Typically this is done to better the operators’ knowledge base and understanding of the formations it encounters, build a better model of the drilling environment which in turn helps make drilling easier and possibly cheaper. For example if you knew the location of a troublesome zone you could modify your wellbore trajectory beforehand or take proper precautions to avoid unnecessary rig time.
The most important reason for logging is to further your understanding of the reservoir, to better know your “pay dirt”. The more you know the better you can produce from it, the better you can produce from it the more efficiently you can do so and thus minimize cost while at the same time maximizing the revenue. It can also help with long term planning of the production profile of the reservoir thus helping to extend the life of the reservoir and in so doing keep the revenue stream derived from the production of hydrocarbons going for a much longer time. This will ensure long term value for money from the reservoir, recouping of investments and a greater possibility of higher profits.
- Mud Logging – done onsite by the analysis of drilled cuttings, most times done under the supervision of the wellsite geologist, or the cuttings are taken at regular intervals and sent to a lab for testing.
- MWD – Measurement While Drilling – usually involves a logging assemble that is part of the drill string being rotated in the hole. It provides logging data while drilling usually at a distance behind the bit.

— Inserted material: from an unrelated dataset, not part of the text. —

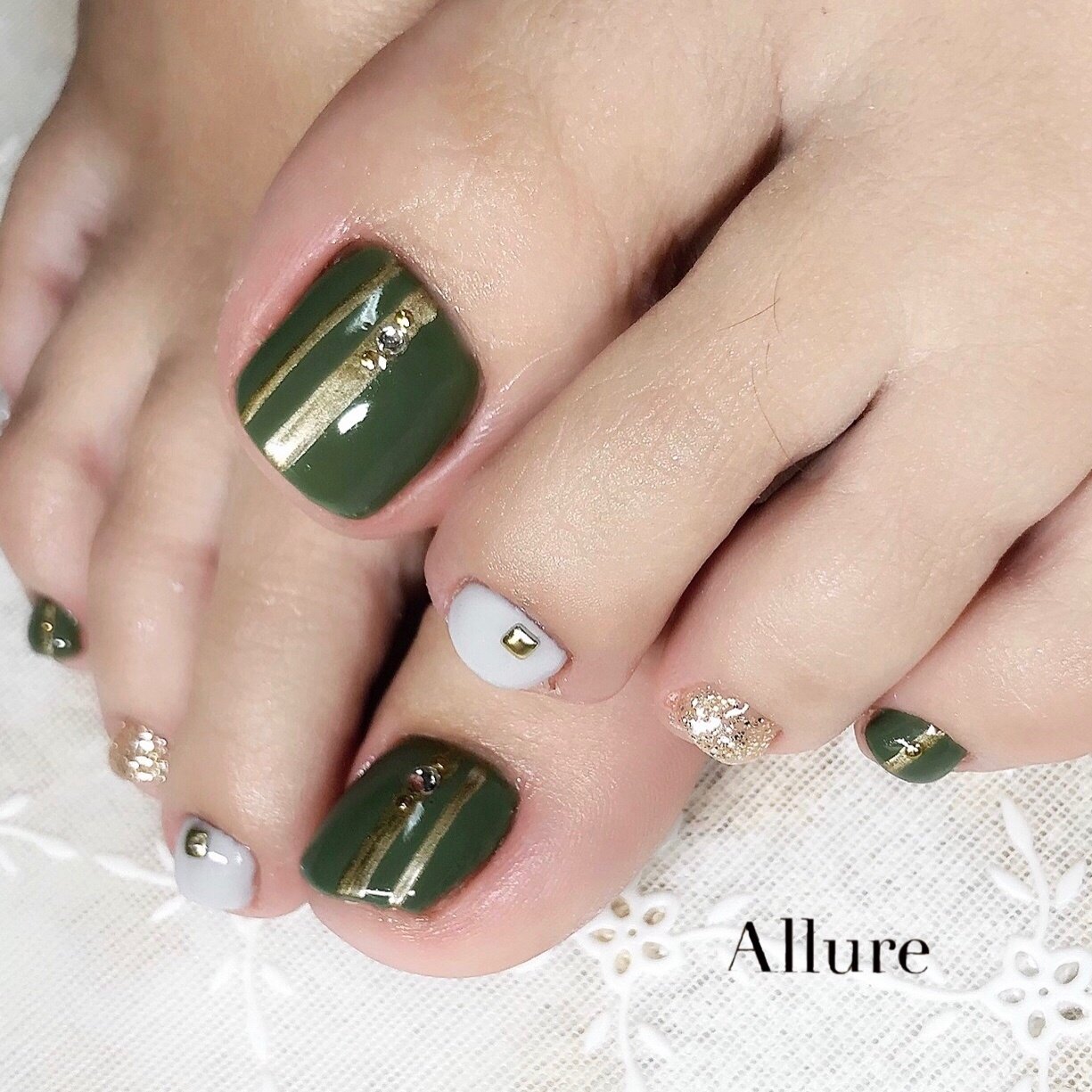 モスグリーンとシャンパンゴールド ネイル セルフネイル モス

- Wireline Logging – logging tools suspended by wireline that are lowered into the hole after drilling of the wellbore is completed but before casing is run. These are generally considered the benchmark of formation evaluation despite advancements in MWD technology.
- Drill Stem Testing
- Pressure Transient Analysis
The logging of a well bore is the process of measuring the electrical resistivity of the surrounding formation and the fluids within. It is known that the electrical resistivity of rock is high however the resistivity of minerals and fluids that occupy the pore spaces of said rock have proven to be low in comparison to the rock. This has lead to the ability to measure the resistivities and make a determination as to the formation, its characteristics and the type of formation fluids it may contain.
There are several mechanisms by which we evaluate the wellbore. However each mechanisms is set up to make a measurement and help to make a determination on a specific petrophysical property, be it porosity, permeability, hydrocarbon saturation, formation thickness and area.
This is the pore volume per unit volume of formation, it is the total volume of a sample that is occupied by voids. Typically this parameter can be obtained from measurements made by sonic, density or a neutron log.
The fraction of the pore volume that contains a fluid.
This is a measure of well the fluids an move through the formation.
It refers to the shape, dimension and orientation of the reservoir.
This type of log measures a substance’s ability to impede the flow of an electric current.
It is primarily used to determine the saturation of non-invaded virgin formation. Using resistivity deep and shallow resistivity can be used to determine the producibility. It is primarily used to differentiate between water bearing and hydrocarbon sands.
Oil and gas are electrical insulators the presence of water depending on the salinity will conduct electricity. When compared oil and gas the resistivity of which is infinitely high.
Rock is an insulator as such
Porous rock is also an insulator as such
Porous rock with water the resistivity decreases.
Include more water the resistivity further decreases.
Add hydrocarbons then they displace the water and the resistivities increase.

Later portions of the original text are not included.